En este ensayo se acude a las ideas propuestas por el jurista alemán Carl Schmitt para intentar dar luces sobre la pregunta por los límites de las guerras, sobre todo las denominadas nuevas, pero también la reflexión puede aplicarse sobre las clásicas, las cuales se han venido peleando en lo corrido del siglo xxi. La respuesta, después del desarrollo teórico sobre las ideas del estatista, se concreta en un ejercicio consciente del equilibrio de poder durante la guerra, la cual debe tener como base el reconocimiento político del otro a partir de la creación de alianzas entre las unidades políticas.
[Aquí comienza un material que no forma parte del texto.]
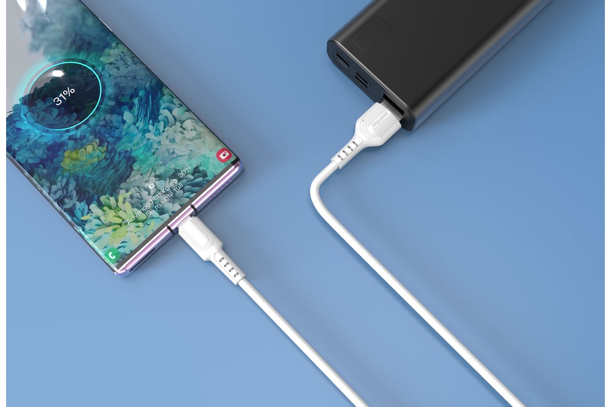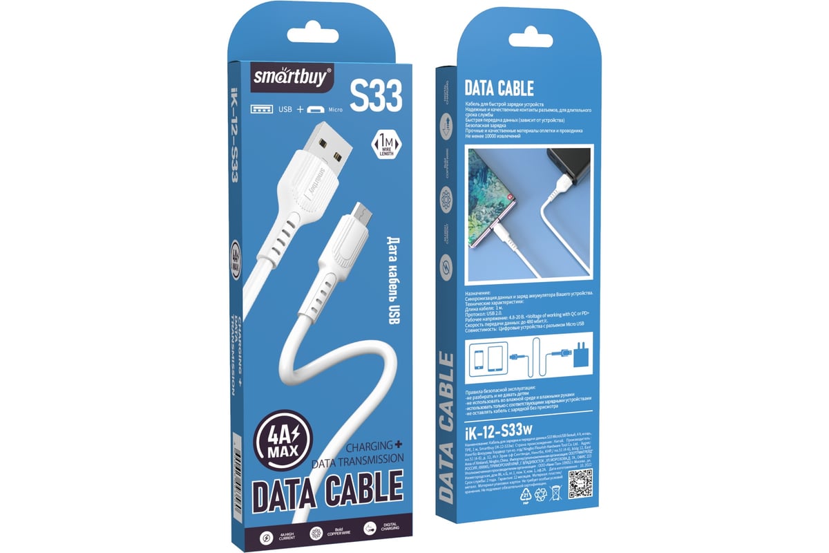 Кабель для зарядки и передачи данных S33 MicroUSB белый, 4 А, мощь, TPE, 1 м, Smartbuy (iK-12-S33w)
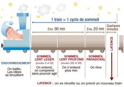 On sait que nous avons des cycles de sommeil qui dure entre lh30 et 2h00 avec le passage d’une phase d’endormissement à une phase de sommeil léger, profond puis paradoxal (rêves). Pour expliquer ce phénomène, on peut prendre la métaphore d’un train. Ainsi, lorsque l’on sent les premiers signes d’endormissement (bâillements, picotements dans les yeux…), il faut prendre le train du sommeil, car après c’est plus difficile de s’endormir. On devra parfois attendre que le prochain train ne passe.
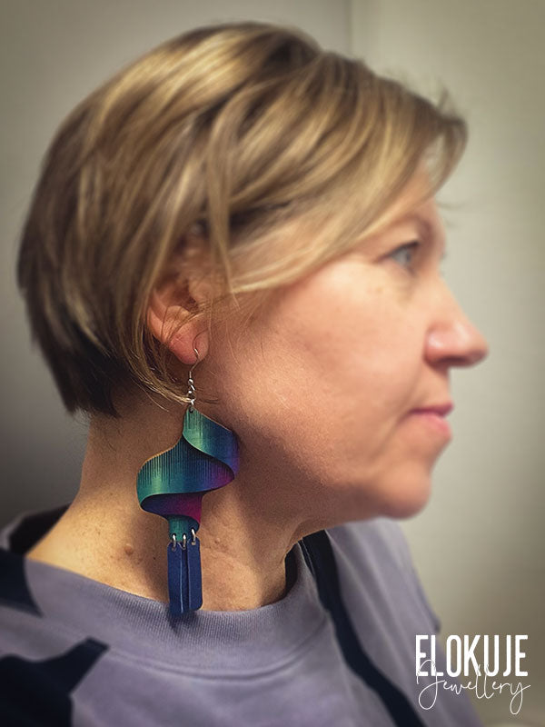 Loimu #2 on Elokujeen uuden Aurora-sarjan toinen isompi ja värikkäämpi korvakorupari – siinä loistaa kaikki revontulien upeat värit poronnahkahapsuja myöten.
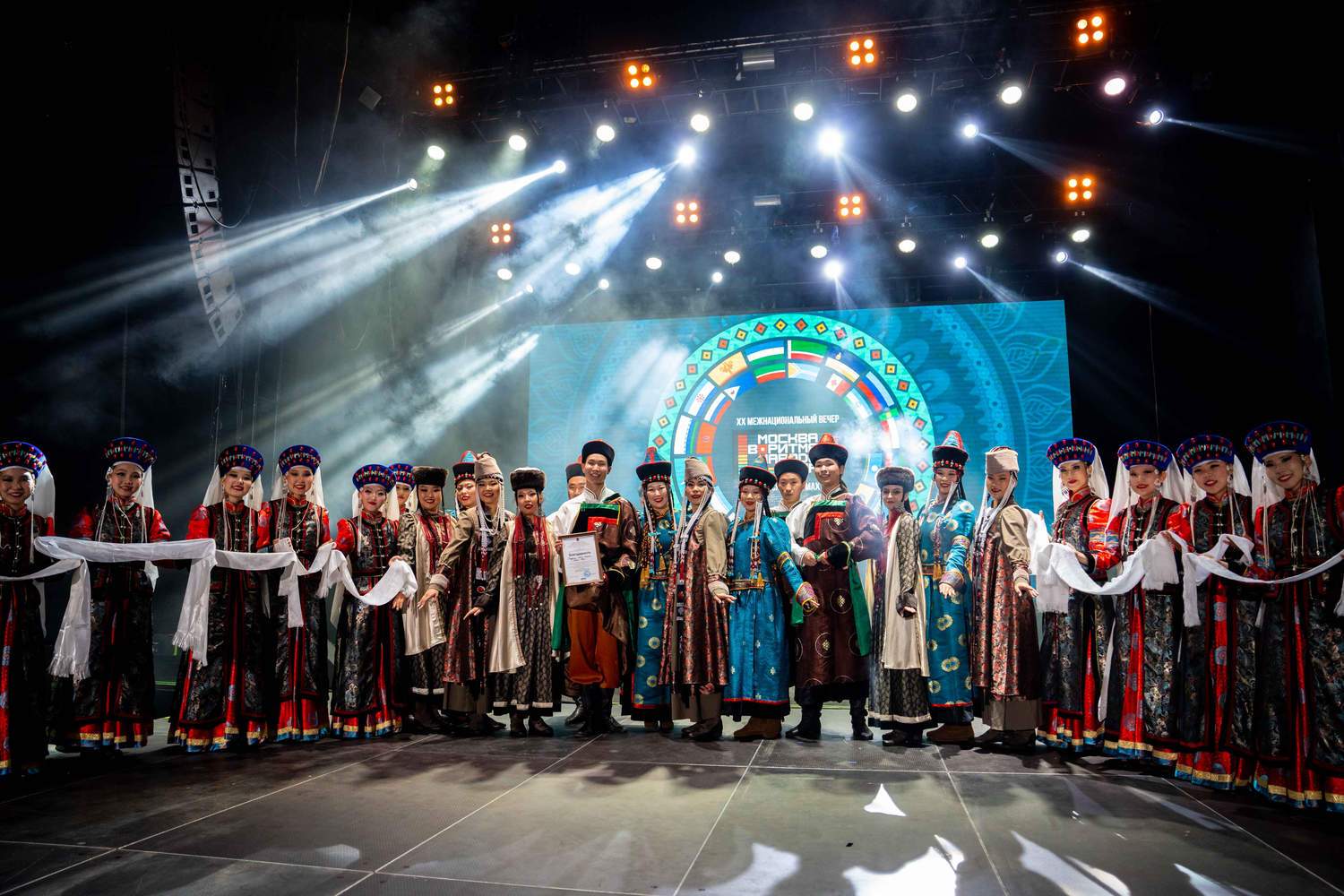 Экватором межнационального вечера стала церемония награждения победителей Молодежной интеллектуальной лиги Московского дома национальностей, которые внесли большой вклад в укрепление межнационального мира и согласия и принимали активное участие в проектах и мероприятиях отдела по работе с молодежью ГБУ «МДН». Среди команд победителями стали: «Алтайские мотивы» (Землячество уроженцев Республики Алтай); «Гуламта» (Бурятское студенческое объединение «Гуламта»); «Агидель» (РОО содействия культурному развитию башкирского народа «Курултай (конгресс) башкир»). Церемонию награждения провели начальник отдела по работе с молодежью Государственного бюджетного учреждения города Москвы «Московский дом национальностей» Саломея Тенгизовна Аблотия и начальник отдела по организации общегородских и межнациональных мероприятий Московского дома национальностей Михаил Ильич Вьюев.
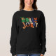 Vibrant holly and candy cane typographic design spelling HOLLY JOLLY in bold textured colors. Ideal for Christmas tees and gifts, evoking playful nostalgia and festive warmth.

Bajo el marco de unas guerras nuevas, irregulares o de baja intensidad se debe propender por un ejercicio limitado de la fuerza, toda vez que la violencia política al tiempo en que se escriben estas líneas trastoca las relaciones sociales y cotidianas de la vida humana.
Resulta entonces coherente responder a la pregunta acerca de por qué la relación entre la teoría del equilibrio de poderes y el nomos de la tierra de Schmitt limitarían las guerras, nuevas o incluso clásicas, pero que se pelean en lo que va del siglo XXI. La respuesta radica en no destruir por completo al enemigo, en pelear la guerra con el latente riesgo del colapso de la humanidad, en dejar atrás las pretensiones universalistas y homogeneizadoras ajenas a la teoría de los grandes espacios. Si el nuevo nomos de la tierra se basara en los grandes espacios, y con estos en el respeto y reconocimiento irrestricto del otro como actor político, la guerra se podría contener en su extensión temporal y espacial, en sus técnicas y en los daños ocasionados.
Notas
1 El debate entre Kelsen y Schmitt en torno a la pregunta por el poder se inscribe en el contexto de la inestabilidad institucional de la República de Weimar, una época marcada por la fragilidad del orden liberal y la emergencia de fuerzas autoritarias. Kelsen, desde su teoría normativista, sostiene que el poder del Estado se encuentra plenamente subordinado al orden jurídico, siendo la Constitución la fuente suprema de validez. Schmitt, por el contrario, subraya la dimensión política del poder, afirmando que el soberano es quien decide sobre el estado de excepción. Para este, toda constitución descansa sobre una decisión política originaria, previa al orden normativo. En estas líneas se presenta brevemente cómo ese debate entre el liberalismo y el realismo político se desarrolla en las arenas del ius in bello.